In order to get everything working correctly, the scripts do some things that you wouldn't expect to be necessary. These are:

  • Bootstrap installs dmidecode because many VM hosts use this to query information about the guest.
  • build.sh enables serial console output for the bootloader so that the non-GUI logs work correctly. It also disables the fancy syslinux boot menu for the same reason.
  • build.sh makes a bunch of modifications to /etc/cloud/cloud.cfg since the defaults are all for Ubuntu, and not Arch. Of particular importance is the fact that the default group list is changed, since the upstream list contains several groups that do not exist on Arch, and will thus cause useradd to fail when users are later created.
  • All data source types are enabled by default.
  • Since Arch doesn't have syslog, we avoid cloud-init trying to use it (bug 1172983).
  • A number of other Ubunut-specific modules are disabled --- in particular, anything related to apt, upstart, or grub.
  • The network is set up to use DHCP on all interfaces starting with e. This is because some cloud providers use eth0, whereas others leave the choice to the OS, which might choose something like ens3. systemd-resolved is also enabled to handle the DNS configuration.
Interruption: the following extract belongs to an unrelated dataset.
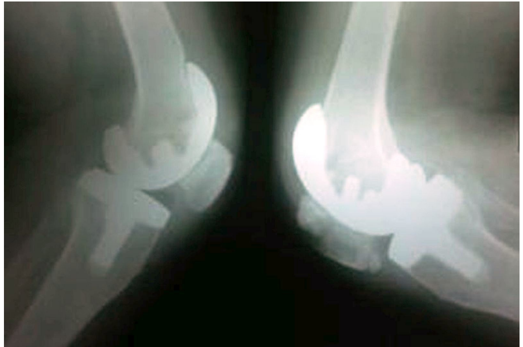
FIGURE 1: Lateral radiograph of a patient with a left patellar fracture three months after total knee arthroplasty

Complications involving the extensor mechanism occur in 1% to 12% of patients following primary TKA. The average age of the patient was 59.6 years (range: 32 - 72 years). There were seven females and two males. One patient had an injury to both the knees. Four patients had rheumatoid arthritis (RA) and five had osteoarthritis (OA) as their primary diagnosis. All the patients were operated using a midline medial parapatellar approach, except one with a severe valgus deformity who was exposed by a lateral parapatellar approach. The average duration of injury since primary surgery was 8.16 weeks (range: 1 - 24 weeks). Most patients have had trivial domestic injuries due to falling on stairs or a floor, injuries due to forceful bending of the knees during exercise, or while sitting down on the toilet. One patient with RA had severe knee stiffness preoperatively with a range of motion (ROM) of 10-20 degrees. This patient sustained a patellar fracture three months postoperatively due to forceful bending of the knee while doing exercises (Figure 1).

  • /etc/machine-id and /var/lib/dbus/machine-id are wiped so that different machines running the same image will get different IDs.
  • A warning is printed to /etc/motd that pacman-key will have to be initialized after first boot. It is unfortunate that this can't be automated in a straightforward way; it would require writing a systemd service file, and injecting a binary whose sole purpose is to run two commands once. Sysadmins using the image should instead add the pacman-key init commands to scripts-per-once.